**Description of the task:** Restate all entries exactly. Skip the images.

········

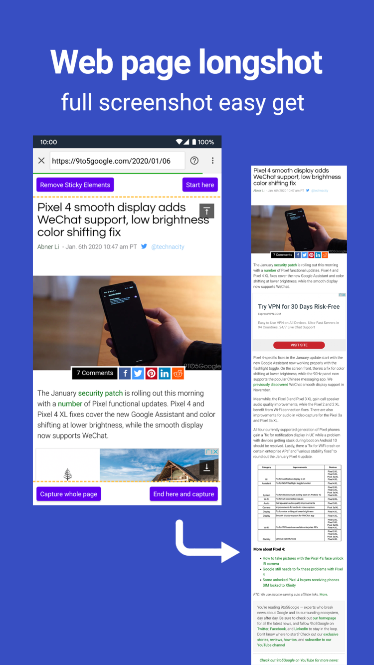 - функция быстрого создания длинного скриншота веб-страницы путем копирования её URL
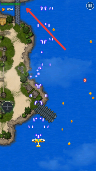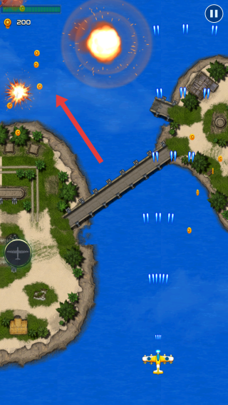 1、操控飛機(jī)在海面飛行,躲避上方爆炸和彈幕,收集沿途金幣,借助爆炸區(qū)域攻擊周邊敵人。
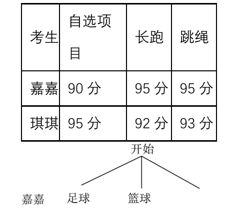 某市体育中考分必考项目和自选项目.其中必考项目是长跑和跳绳;自选项目有足球、篮球和排球.每个考生除必考项目外,任选一项自选项目.考生嘉嘉和琪琪的体育中考各项成绩如下表
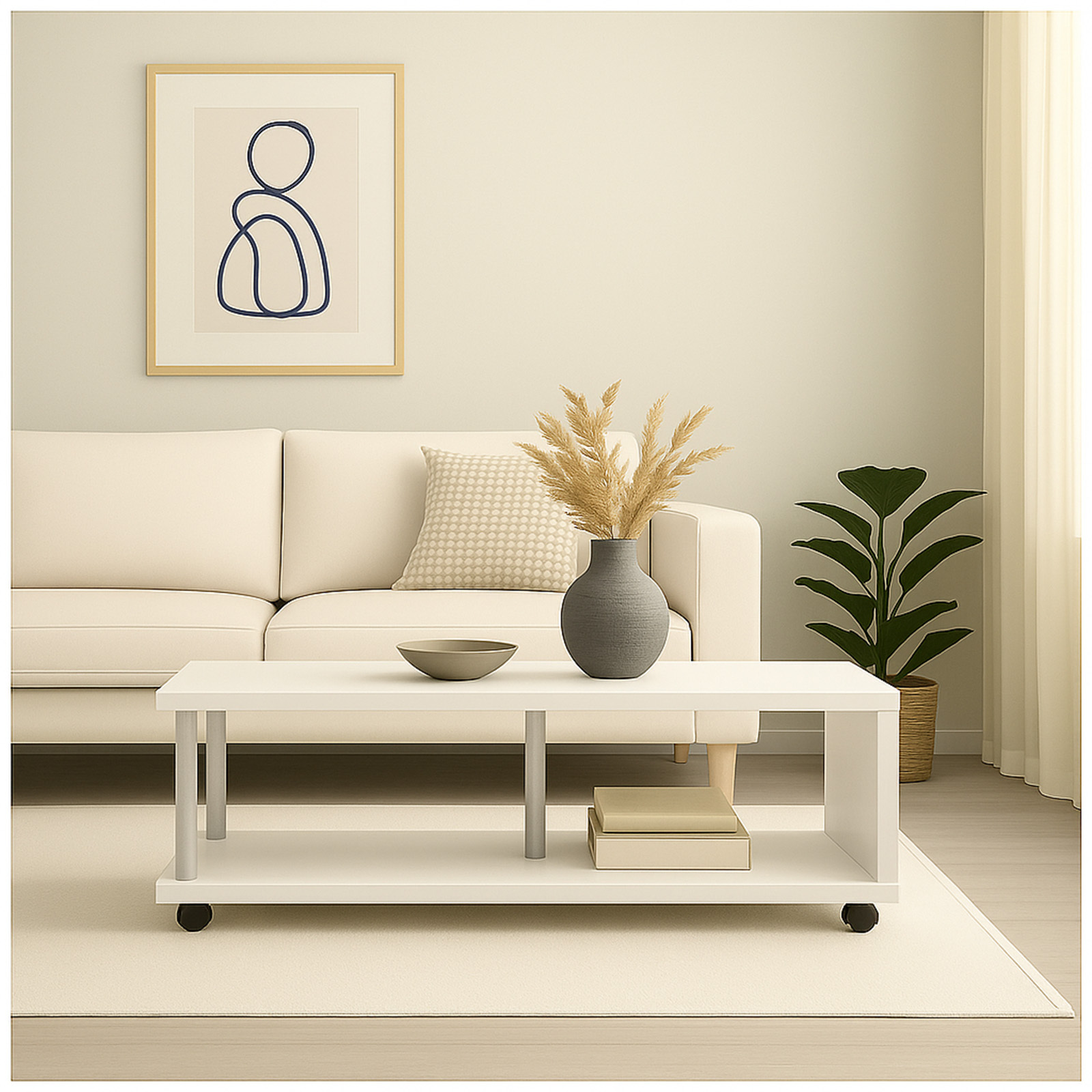 HTI-Living Weiß Breite 110 cm Couchtisch mit Ablagefach und Rollen
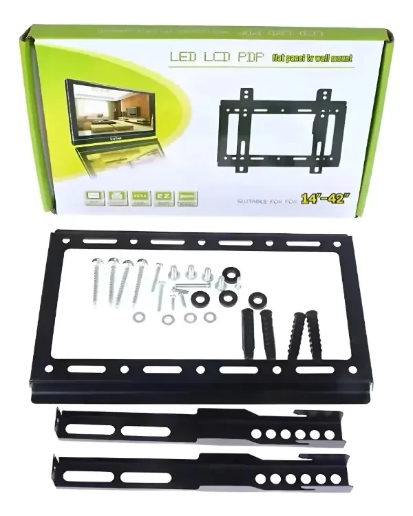PRODUCTO: El soporte para TV de pantalla plana Megalite HT-0027. Diseñado para pantallas de entre 14 y 42 pulgadas, este soporte es compatible con tecnologías LED, LCD, QLED, OLED y Plasma, garantizando versatilidad para diferentes modelos de televisores.
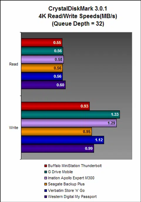 Looking at sequential read and write performance, the Buffalo MiniStation Thunderbolt was the clear victor, followed by the Seagate and Verbatim drives. However, as we investigate further by looking at 512k, 4kb and 4kb, queue depth 32 performance, we can see that the Buffalo drive pales in comparison to both the Imation and Western Digital drives. In fact, the Western Digital My Passport drive was the most consistent top performer in this benchmark.
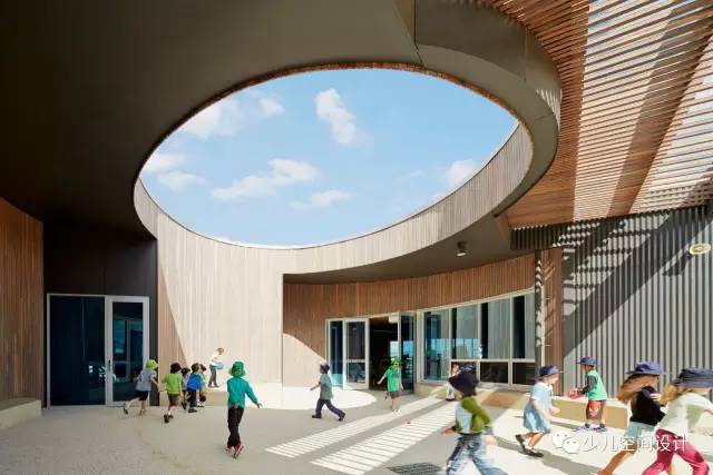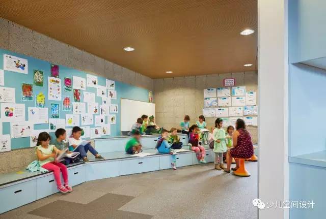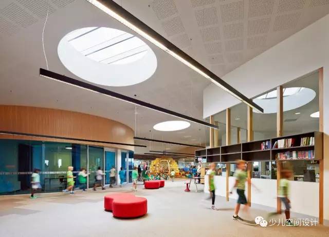 由于材質(zhì)面板呼應(yīng)色彩鮮亮的學(xué)生作品和家具,學(xué)校顯得熱情好客和溫暖;深色調(diào)與寬闊的玻璃相結(jié)合,增強(qiáng)了設(shè)施的透明度。大量插件板用于墻壁、地板和天花板,在廣泛的聲學(xué)處理中發(fā)揮關(guān)鍵作用,這是混合學(xué)習(xí)空間里必不可少的。(幼兒園設(shè)計)
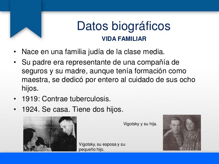 - 6. Datos biográficos VIDA FAMILIAR• Nace en una familia judía de la clase media.• Su padre era representante de una compañía de seguros y su madre, aunque tenía formación como maestra, se dedicó por entero al cuidado de sus ocho hijos.• 1919: Contrae tuberculosis.• 1924. Se casa. Tiene dos hijos. Vigotsky y su hija. Vigotsky, su esposa y su pequeño hijo.
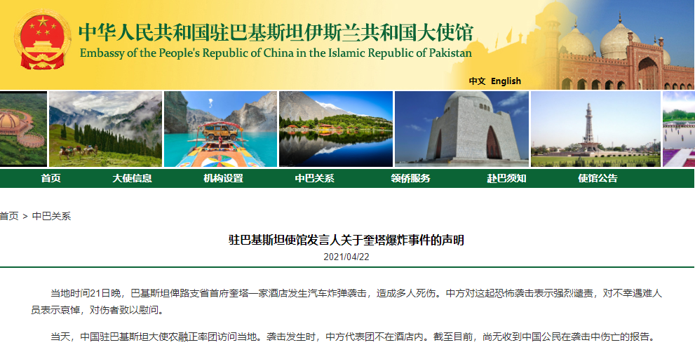 中国驻巴基斯坦大使馆网站4月22日发布“关于奎塔爆炸事件的声明”称,当地时间21日晚,巴基斯坦俾路支省首府奎塔一家酒店发生汽车炸弹袭击,造成多人死伤。中方对这起恐怖袭击表示强烈谴责,对不幸遇难人员表示哀悼,对伤者致以慰问。
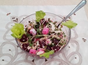 סלט טעים ומפנק שהוא פרווה ולכן מתאים גם לארוחה בשרית. הסלט מהיר הכנה אם אתם שומרים סלק מבושל במקפיא. אנחנו מבשלים במעט מים 6 סלקים בסיר אחד, ואחרי שהתקררו אורזים כל שניים בשקית להקפאה. מפשירים בהפשרה איטית במקרר יומיים לפני השימוש. במקום לקלף כל סלק קיצרנו תהליכים- משפשפים אותם עם סקוטשברייט חדש ורוב הקליפה פשוט נעלמת.

········

**Written reply:**
 - функция быстрого создания длинного скриншота веб-страницы путем копирования её URL
 1、操控飛機(jī)在海面飛行,躲避上方爆炸和彈幕,收集沿途金幣,借助爆炸區(qū)域攻擊周邊敵人。
 某市体育中考分必考项目和自选项目.其中必考项目是长跑和跳绳;自选项目有足球、篮球和排球.每个考生除必考项目外,任选一项自选项目.考生嘉嘉和琪琪的体育中考各项成绩如下表
 HTI-Living Weiß Breite 110 cm Couchtisch mit Ablagefach und Rollen
PRODUCTO: El soporte para TV de pantalla plana Megalite HT-0027. Diseñado para pantallas de entre 14 y 42 pulgadas, este soporte es compatible con tecnologías LED, LCD, QLED, OLED y Plasma, garantizando versatilidad para diferentes modelos de televisores.
 Looking at sequential read and write performance, the Buffalo MiniStation Thunderbolt was the clear victor, followed by the Seagate and Verbatim drives. However, as we investigate further by looking at 512k, 4kb and 4kb, queue depth 32 performance, we can see that the Buffalo drive pales in comparison to both the Imation and Western Digital drives. In fact, the Western Digital My Passport drive was the most consistent top performer in this benchmark.
 由于材質(zhì)面板呼應(yīng)色彩鮮亮的學(xué)生作品和家具,學(xué)校顯得熱情好客和溫暖;深色調(diào)與寬闊的玻璃相結(jié)合,增強(qiáng)了設(shè)施的透明度。大量插件板用于墻壁、地板和天花板,在廣泛的聲學(xué)處理中發(fā)揮關(guān)鍵作用,這是混合學(xué)習(xí)空間里必不可少的。(幼兒園設(shè)計)
 - 6. Datos biográficos VIDA FAMILIAR• Nace en una familia judía de la clase media.• Su padre era representante de una compañía de seguros y su madre, aunque tenía formación como maestra, se dedicó por entero al cuidado de sus ocho hijos.• 1919: Contrae tuberculosis.• 1924. Se casa. Tiene dos hijos. Vigotsky y su hija. Vigotsky, su esposa y su pequeño hijo.
 中国驻巴基斯坦大使馆网站4月22日发布“关于奎塔爆炸事件的声明”称,当地时间21日晚,巴基斯坦俾路支省首府奎塔一家酒店发生汽车炸弹袭击,造成多人死伤。中方对这起恐怖袭击表示强烈谴责,对不幸遇难人员表示哀悼,对伤者致以慰问。
 סלט טעים ומפנק שהוא פרווה ולכן מתאים גם לארוחה בשרית. הסלט מהיר הכנה אם אתם שומרים סלק מבושל במקפיא. אנחנו מבשלים במעט מים 6 סלקים בסיר אחד, ואחרי שהתקררו אורזים כל שניים בשקית להקפאה. מפשירים בהפשרה איטית במקרר יומיים לפני השימוש. במקום לקלף כל סלק קיצרנו תהליכים- משפשפים אותם עם סקוטשברייט חדש ורוב הקליפה פשוט נעלמת.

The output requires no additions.